2003-09-30 17:38:20

by Brett E.

[permalink] [raw]
Subject: 2.4.20 & 2.4.22 paging out when it shouldn't

We noticed that with linux kernel 2.4.20 and probably previous versions,
machines would at a certain time consistently go into paging overload
when we would coincidentially kill a few processes and start new ones.
The increased paging consistently coincides with the killing and
starting of processes at the same time every hour.

I am running sar, iostat and ps during the time that this happens and
what I see is sar showing pgpgout/s jump to 1000 or more for 30 seconds
with a corresponding increase in disk writing activity(iostat's
blk_writtn/s goes from about 15 to 5000) meanwhile the server is bogged
down, connections to the server time out and all hell breaks loose.

Also I see swap increasing. So I can only assume it's paging to disk.
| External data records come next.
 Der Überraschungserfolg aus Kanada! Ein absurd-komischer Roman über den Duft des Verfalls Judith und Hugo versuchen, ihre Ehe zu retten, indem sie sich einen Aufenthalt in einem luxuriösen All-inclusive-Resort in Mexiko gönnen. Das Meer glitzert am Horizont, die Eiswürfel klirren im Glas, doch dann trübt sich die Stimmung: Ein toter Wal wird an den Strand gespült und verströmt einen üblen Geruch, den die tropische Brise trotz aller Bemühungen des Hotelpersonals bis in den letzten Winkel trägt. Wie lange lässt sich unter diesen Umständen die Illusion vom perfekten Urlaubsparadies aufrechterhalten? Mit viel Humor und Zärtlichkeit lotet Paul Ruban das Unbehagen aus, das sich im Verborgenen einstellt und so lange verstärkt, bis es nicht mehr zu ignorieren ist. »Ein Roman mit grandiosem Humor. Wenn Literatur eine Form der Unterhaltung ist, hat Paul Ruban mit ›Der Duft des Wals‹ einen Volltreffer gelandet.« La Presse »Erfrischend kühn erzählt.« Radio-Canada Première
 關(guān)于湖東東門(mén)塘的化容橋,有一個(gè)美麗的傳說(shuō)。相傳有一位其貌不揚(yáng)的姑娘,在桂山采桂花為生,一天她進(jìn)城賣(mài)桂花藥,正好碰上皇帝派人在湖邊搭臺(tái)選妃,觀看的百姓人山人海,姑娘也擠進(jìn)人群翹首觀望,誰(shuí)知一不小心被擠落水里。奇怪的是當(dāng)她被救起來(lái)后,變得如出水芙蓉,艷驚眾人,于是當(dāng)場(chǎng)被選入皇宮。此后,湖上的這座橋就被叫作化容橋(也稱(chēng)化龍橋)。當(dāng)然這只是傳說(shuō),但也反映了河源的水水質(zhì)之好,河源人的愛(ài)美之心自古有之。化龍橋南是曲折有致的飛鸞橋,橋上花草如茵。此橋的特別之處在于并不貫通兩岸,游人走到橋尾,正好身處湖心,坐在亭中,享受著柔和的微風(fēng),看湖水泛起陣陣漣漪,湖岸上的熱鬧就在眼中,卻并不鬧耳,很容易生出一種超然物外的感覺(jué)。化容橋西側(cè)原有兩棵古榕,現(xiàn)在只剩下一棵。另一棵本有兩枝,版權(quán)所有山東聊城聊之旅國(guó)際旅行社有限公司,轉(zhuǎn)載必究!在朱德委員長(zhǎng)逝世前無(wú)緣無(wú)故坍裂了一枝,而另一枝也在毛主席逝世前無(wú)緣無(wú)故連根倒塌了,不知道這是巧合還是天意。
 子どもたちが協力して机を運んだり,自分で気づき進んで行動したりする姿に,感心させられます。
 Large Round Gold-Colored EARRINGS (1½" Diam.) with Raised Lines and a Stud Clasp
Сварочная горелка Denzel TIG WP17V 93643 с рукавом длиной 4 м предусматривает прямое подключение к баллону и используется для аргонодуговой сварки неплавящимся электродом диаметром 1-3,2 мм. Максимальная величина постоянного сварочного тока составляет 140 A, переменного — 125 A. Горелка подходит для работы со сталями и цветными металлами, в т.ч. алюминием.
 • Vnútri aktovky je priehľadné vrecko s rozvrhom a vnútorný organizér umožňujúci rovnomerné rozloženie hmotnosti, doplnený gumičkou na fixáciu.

Problem is there's around 500 megs of cache per top/sar info, we
shouldn't have to page.

So I added 500 megs of memory to give it a grand total of 1.5 gigs.
Same problem except the cache grew to 800 megs. So I did a swapoff -a.
Same problem except vmstat/sar show the swap is 0 yet sar reports high
pgpgout/s.

Next I upgraded to kernel version 2.4.22 and patched it with the latest
rmap(-rmap15k) patch, figuring this new VM would help. The cache became
a bit smaller. But it still paged out to disk.

I have gone over the linux-kernel mailing list archives and found others
who have run across a similar problem but there were no solid answers.
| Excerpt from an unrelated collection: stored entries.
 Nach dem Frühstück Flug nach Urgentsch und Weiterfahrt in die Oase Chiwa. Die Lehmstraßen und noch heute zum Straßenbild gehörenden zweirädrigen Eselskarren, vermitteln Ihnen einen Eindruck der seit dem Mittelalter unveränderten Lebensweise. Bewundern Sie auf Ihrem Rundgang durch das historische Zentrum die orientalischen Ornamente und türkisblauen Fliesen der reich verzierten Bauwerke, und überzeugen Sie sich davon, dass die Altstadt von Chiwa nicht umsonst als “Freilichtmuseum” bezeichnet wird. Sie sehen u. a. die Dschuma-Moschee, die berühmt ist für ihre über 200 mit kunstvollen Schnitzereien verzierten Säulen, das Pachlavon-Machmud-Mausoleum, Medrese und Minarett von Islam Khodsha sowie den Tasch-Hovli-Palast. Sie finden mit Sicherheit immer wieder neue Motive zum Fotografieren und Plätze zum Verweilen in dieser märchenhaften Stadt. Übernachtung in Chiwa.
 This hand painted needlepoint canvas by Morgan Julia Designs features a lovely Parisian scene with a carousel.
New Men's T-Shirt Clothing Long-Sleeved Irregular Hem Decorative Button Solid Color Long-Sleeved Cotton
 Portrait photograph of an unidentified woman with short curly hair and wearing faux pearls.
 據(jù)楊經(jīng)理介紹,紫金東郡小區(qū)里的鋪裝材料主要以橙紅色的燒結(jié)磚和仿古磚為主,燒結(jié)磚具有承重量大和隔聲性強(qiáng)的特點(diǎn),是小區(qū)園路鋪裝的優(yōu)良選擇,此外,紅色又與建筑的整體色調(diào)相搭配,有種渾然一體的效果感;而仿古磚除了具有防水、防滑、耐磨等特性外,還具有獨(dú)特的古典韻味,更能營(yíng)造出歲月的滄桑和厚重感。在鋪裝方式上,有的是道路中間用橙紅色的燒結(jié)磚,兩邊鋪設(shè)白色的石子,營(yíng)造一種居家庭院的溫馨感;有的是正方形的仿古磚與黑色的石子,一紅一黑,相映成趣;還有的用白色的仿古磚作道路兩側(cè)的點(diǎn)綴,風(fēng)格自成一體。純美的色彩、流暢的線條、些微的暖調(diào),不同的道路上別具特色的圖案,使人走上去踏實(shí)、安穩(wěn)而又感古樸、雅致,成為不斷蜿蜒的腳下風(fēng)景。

Someone recommended issuing this command as a workaround:

dd if=/dev/hda bs=8M count=$(awk '/MemTotal/ { printf "%d", $2/4096 }'
/proc/meminfo)

So I did that, kswapd took up 20-30% CPU, cache shot up. Then I killed
the process and the cache went down to 300 megs. So I figured I had
finally taken the disk cache down, freed up memory and it shouldn't
page. But it still paged.

Am I doing something wrong? It shouldn't page out to disk if I do
swapoff -a and have more than enough memory. Also, it should just kick
out the disk cache and use that for process pages instead of paging out
to disk, the disk cache isn't that valuable. It doesn't make sense so I
hope I'm doing something wrong. Any tips?

If anyone needs more information, please ask.


Thanks,

Brett